There is broad recognition among liberals and conservatives alike that court orders must be followed. Always. Indeed, despite Trump’s many losses in court – and despite his incendiary rhetoric targeting the judiciary – he has not disobeyed a court order.
This principle began in 1803 with Marbury vs Madison, when then chief justice John Marshall declared that it “is emphatically the duty of the Judicial Department to say what the law is.” Ever since, federal courts have issued orders resolving disputes – and the rest of the government has obeyed and enforced them.
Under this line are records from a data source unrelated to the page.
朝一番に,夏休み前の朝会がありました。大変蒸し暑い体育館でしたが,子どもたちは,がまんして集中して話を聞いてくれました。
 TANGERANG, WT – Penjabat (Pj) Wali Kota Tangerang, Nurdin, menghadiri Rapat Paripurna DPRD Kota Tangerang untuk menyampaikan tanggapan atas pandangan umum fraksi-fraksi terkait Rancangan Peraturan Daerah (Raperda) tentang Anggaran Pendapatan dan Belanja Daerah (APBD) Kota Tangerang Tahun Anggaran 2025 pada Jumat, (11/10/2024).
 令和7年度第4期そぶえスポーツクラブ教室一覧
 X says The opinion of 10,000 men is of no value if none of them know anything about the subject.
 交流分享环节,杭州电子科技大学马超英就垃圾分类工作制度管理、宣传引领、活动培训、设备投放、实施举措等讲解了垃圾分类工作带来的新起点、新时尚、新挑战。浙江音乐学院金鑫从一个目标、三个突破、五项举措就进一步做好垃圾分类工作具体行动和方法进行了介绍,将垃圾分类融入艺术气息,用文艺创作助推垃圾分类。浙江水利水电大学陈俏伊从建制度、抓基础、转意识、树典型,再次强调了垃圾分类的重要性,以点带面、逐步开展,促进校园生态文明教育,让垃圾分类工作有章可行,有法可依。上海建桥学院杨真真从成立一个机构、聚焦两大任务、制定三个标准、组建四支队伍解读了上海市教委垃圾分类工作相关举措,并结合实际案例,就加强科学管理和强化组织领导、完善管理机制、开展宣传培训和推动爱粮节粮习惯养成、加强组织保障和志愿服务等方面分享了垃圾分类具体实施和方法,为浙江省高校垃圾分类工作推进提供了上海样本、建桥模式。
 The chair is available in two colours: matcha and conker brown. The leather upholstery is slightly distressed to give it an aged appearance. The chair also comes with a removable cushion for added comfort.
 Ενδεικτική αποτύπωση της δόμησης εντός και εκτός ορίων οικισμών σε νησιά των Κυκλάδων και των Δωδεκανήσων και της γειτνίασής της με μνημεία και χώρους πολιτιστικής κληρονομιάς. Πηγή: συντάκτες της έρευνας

This was true when former US president Eisenhower sent federal troops into Arkansas to enforce Brown vs Board of Education. It was true when the Supreme Court ordered then US president Richard Nixon to hand over his Oval Office tapes. It was true when the Supreme Court decided the 2000 presidential election.
And it’s true now.
Trump’s Attorney General Bill Barr recently embraced this principle. Barr was asked: “Should the Supreme Court have the exclusive power to interpret the constitution?” His response: “Yes.” If Trump “believes that he has the power to do something under the Constitution,” Barr continued, “he should be able to exercise that power. And if the Court disagrees and orders him not to, then he’s lost the case.”
And last week a unanimous Senate passed a resolution reaffirming its commitment to a peaceful transfer of the executive power.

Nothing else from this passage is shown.